I've known for a while that the order of predicate evaluation in a query is non deterministic, as posted by Tom here (
https://asktom.oracle.com/pls/asktom/f?p=100:11:0::::P11_QUESTION_ID:696647495510 ). I even wrote my own blog about it a while back (
http://www.wegobeyond.co.uk/blog/search/predicate.html ) yet for some reason I was still surprised when I encountered it for real in some production code at one of our clients. Unfortunately the LiveSQL link doesn't replicate the issue (after all, it's non-deterministic! :)) but hopefully it demonstrates my issue.

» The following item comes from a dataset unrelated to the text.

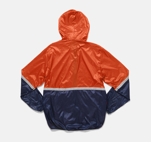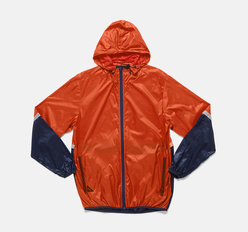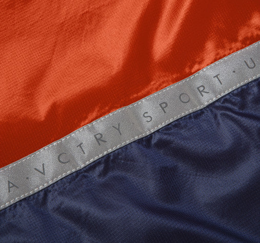 Featherweight zip front color blocked jacket. Bungee cord pulls at neck and two zip side pockets. Reflective stretch tape with VCTRY branding around arms and back of jacket.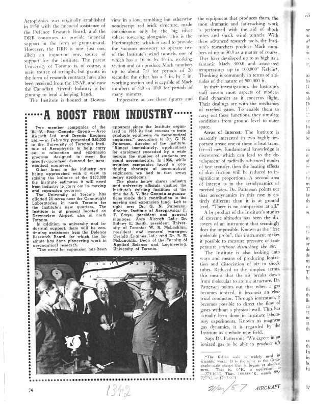 Page 74-A photo of executives and a description of donations from AV Roe and Orenda to U of T for an expansion of aeronautical engineers training.General Notes

The client was using a generic table from their E-Business Suite ERP system, which holds
attributes against an attribute type. These attributes can be of any format (which the application validates).
In very simple terms, the structure is something like this
Create Table xxjktst As
Select Case When Level <= 100 Then 'DATE_ATTR' Else 'ATTR' || To_Char(Mod(Level,100),'00') End attr_type,
Case When Level <= 100 Then To_Char(Trunc(Sysdate,'MM')+Mod(Level,10),'YYYY/MM/DD HH24:MI:SS') Else 'String ' || To_Char(Level,'0000') End attr1
From dual
Connect By Level <= 1000;
The developers had written a query which (roughly) was as follows.
Select * From (Select attr_type, To_Date(attr1,'YYYY/MM/DD HH24:MI:SS') dt From xxjktst Where attr_type = 'DATE_ATTR') v
Where v.dt <= Sysdate;
However when running it gave "ORA-01840: input value not long enough for date format". The code must have run at some point in the past because it is live and has been for a long time. I recreated the problem using a simple example of
Select *
From xxjktst
Where To_Date(attr1,'YYYY/MM/DD HH24:MI:SS') <= Sysdate
And attr_type = 'DATE_ATTR';
Which failed. Then I did this:
Select /*+ordered_predicates*/ *
From xxjktst
Where attr_type = 'DATE_ATTR'
And To_Date(attr1,'YYYY/MM/DD HH24:MI:SS') <= Sysdate;
which worked fine. So it was clear that in the original query the To_Date() was getting pushed into the subquery and evaluated prior to the predicate on attr_type.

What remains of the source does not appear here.